Retype the data exactly, from its first line to the line containing "해바라기,풍차,대형,풍경,여름, 풍경화,꽃밭, 해바라기밭, 해바라기들판, 들판, 여름풍경, 언덕", including both, and skip any picture.
★ ★ ★ ★ ★ ★ ★
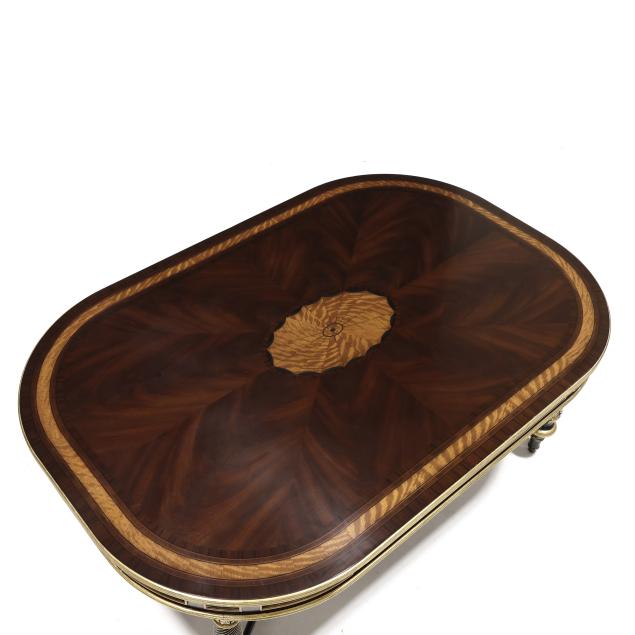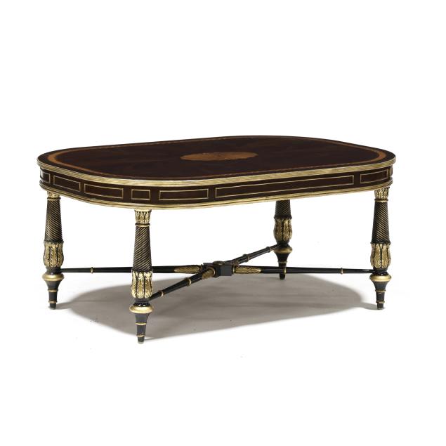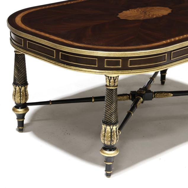 Contemporary, high grade mahogany and mahogany veneers, rectangular top with banded inlay and central paterae, reeded gilt edge, spiral twist and acanthus carved legs, stretcher base, labeled.
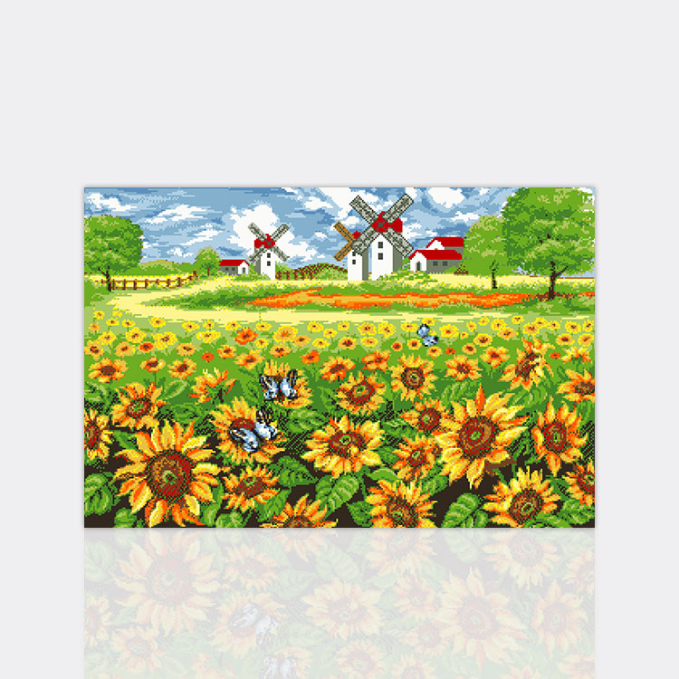 해바라기,풍차,대형,풍경,여름, 풍경화,꽃밭, 해바라기밭, 해바라기들판, 들판, 여름풍경, 언덕
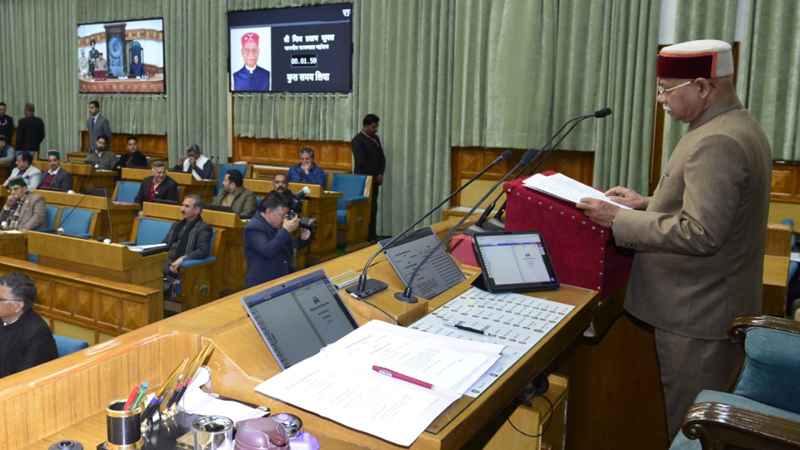शिमला, सुरेंद्र राणा: हिमाचल प्रदेश विधानसभा का बजट सेशन सोमवार दोपहर बाद 2 बजे से शुरू गया है। सेशन राज्यपाल शिव प्रताप शुक्ल के अभिभाषण के साथ शुरू हुआ। राज्यपाल का अभिभाषण दो मिनट एक सेकेंड में खत्म हो गया। राज्यपाल शिव प्रताप शुक्ल ने कहा कि उन्हें लगता है कि अभिभाषण में पैराग्राफ 3 से 16 तक सांविधानिक संस्थाओं पर टिप्पणी है। राज्यपाल ने पूरा अभिभाषण नहीं पढ़ा। उन्होंने कहा कि इन्हें पढ़ना मैं उचित नहीं समझता। उन्होंने कहा कि पैराग्राफ 17 से आगे सरकार की उपलब्धियां है, इन्हें सभी विधायकों को पढ़ना चाहिए। फिलहाल इसके बाद सदन की कार्यवाही को 2:45 बजे तक स्थगित किया गया गया है।दो बजकर 45 मिनट पर सदन की कार्यवाही शुरू हुई तो शोकोदगार प्रस्ताव रखा गया। सदन में सीएम सुखविंद्र सिंह सुक्खू और नेता प्रतिपक्ष जयराम ठाकुर ने कुमारसैन के पूर्व विधायक भगत राम चौहान के देहांत पर शोक जताया। सीएम सुक्खू ने कहा कि उनके निधन से हिमाचल प्रदेश को क्षति पहुंची है। जयराम ठाकुर ने भी कहा कि प्रदेश उनके योगदान को हमेशा याद रखा जाएगा। शिक्षा मंत्री रोहित ठाकुर ने कहा कि भगतराम चौहान का अपने विधानसभा क्षेत्र को आगे ले जाने में बड़ा योगदान रहा है। चौपाल के विधायक बलवीर वर्मा ने कहा कि भगत राम चौहान की जय बिहारी लाल खाची भी तारीफ करते थे, जबकि उनसे वह चुनाव हारे थे। लोक निर्माण मंत्री विक्रमादित्य सिंह ने कहा कि चुनाव के दौरान वह खुद भगत राम चौहान के घर उनका आशीर्वाद लेने गए थे। ठियोग के विधायक कुलदीप सिंह राठौर ने कहा कि वह बहुत भले आदमी थे। ईश्वर उनकी आत्मा को शांति दे।वहीं, मुख्यमंत्री सुखविंद्र सिंह सुक्खू को 16 फरवरी 2026 को शिमला में विधानसभा में हिमाचल प्रदेश पुलिस द्वारा गार्ड ऑफ ऑनर दिया गया है। वहीं, मुख्यमंत्री सुखविंद्र सिंह सुक्खू का विधानसभा बजट सत्र के उद्घाटन के दिन विधानसभा शिमला में स्वागत किया गया। वहीं, हिमाचल प्रदेश विधानसभा में सर्वदलीय बैठक हुई। बजट सत्र निर्विघ्न और सुचारू रूप से चल सके, इसके लिए हिमाचल विधानसभा अध्यक्ष कुलदीप सिंह पठानिया की अध्यक्षता में दोपहर 12:15 बजे सर्वदलीय बैठक बुलाई गई थी। सर्वदलीय बैठक समाप्त होने के बाद मीडिया को संबोधित करते हुए मुख्यमंत्री सुखविंद्र सिंह सुक्खू ने विपक्ष पर जमकर हमला बोला। मुख्यमंत्री ने कहा कि आरडीजी पर राजनीति नहीं होनी चाहिए। आरडीजी युवाओं के रोजगार, गरीब लोगों और किसानों की लड़ाई है। यह सरकार की लड़ाई नहीं है। जो कहना है मेरे खिलाफ कहते रहें, लेकिन आरडीजी पर राजनीति न हो।इसके साथ नेता प्रतिपक्ष जयराम ठाकुर ने बजट सत्र पर निशाना साधा। उन्होंने कहा कि असमंजस की स्थिति है। अगर ये बजट सत्र है तो बजट कब पेश होगा। वहीं, हिमाचल प
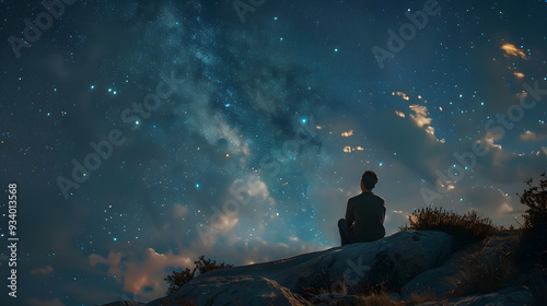 A man sitting on a hill and gazing at the beautiful stars in the sky at night.
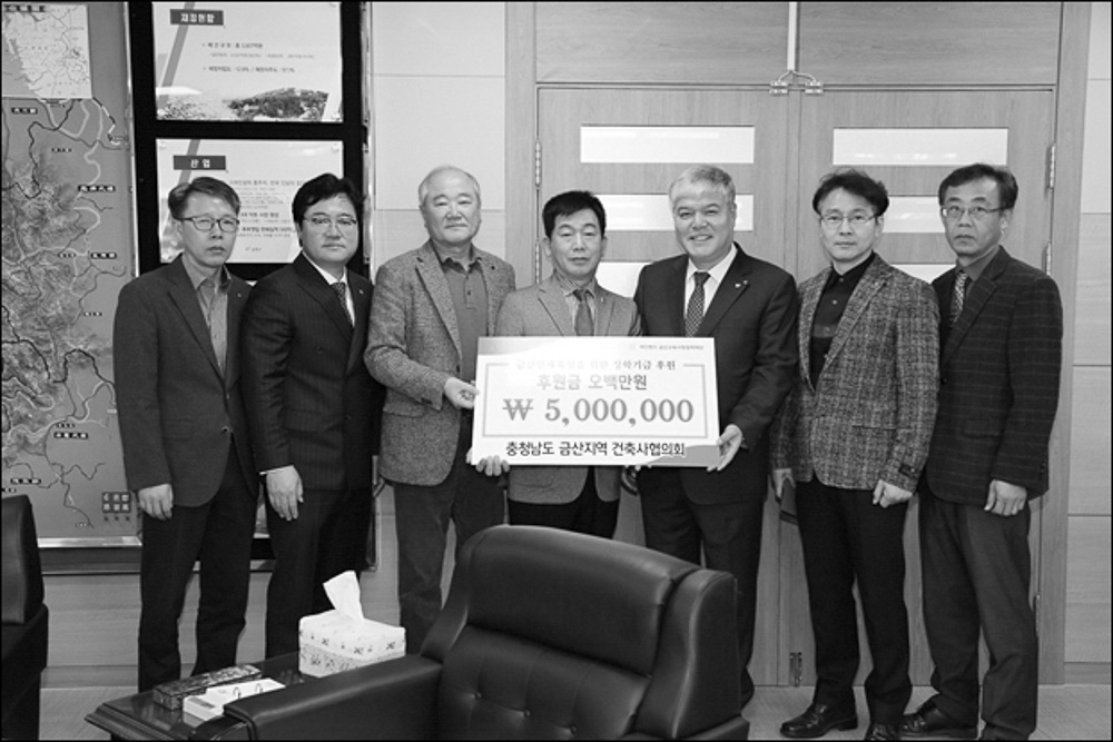 금산지역건축사회(회장 김석곤)는 3월 12일 금산군청 군수실에서 금산지역 인재육성을 위해 써달라며 금 산군수에게 장학기금을 전달했다.
★ ★ ★ ★ ★ ★ ★
### Response area
 Contemporary, high grade mahogany and mahogany veneers, rectangular top with banded inlay and central paterae, reeded gilt edge, spiral twist and acanthus carved legs, stretcher base, labeled.
 해바라기,풍차,대형,풍경,여름, 풍경화,꽃밭, 해바라기밭, 해바라기들판, 들판, 여름풍경, 언덕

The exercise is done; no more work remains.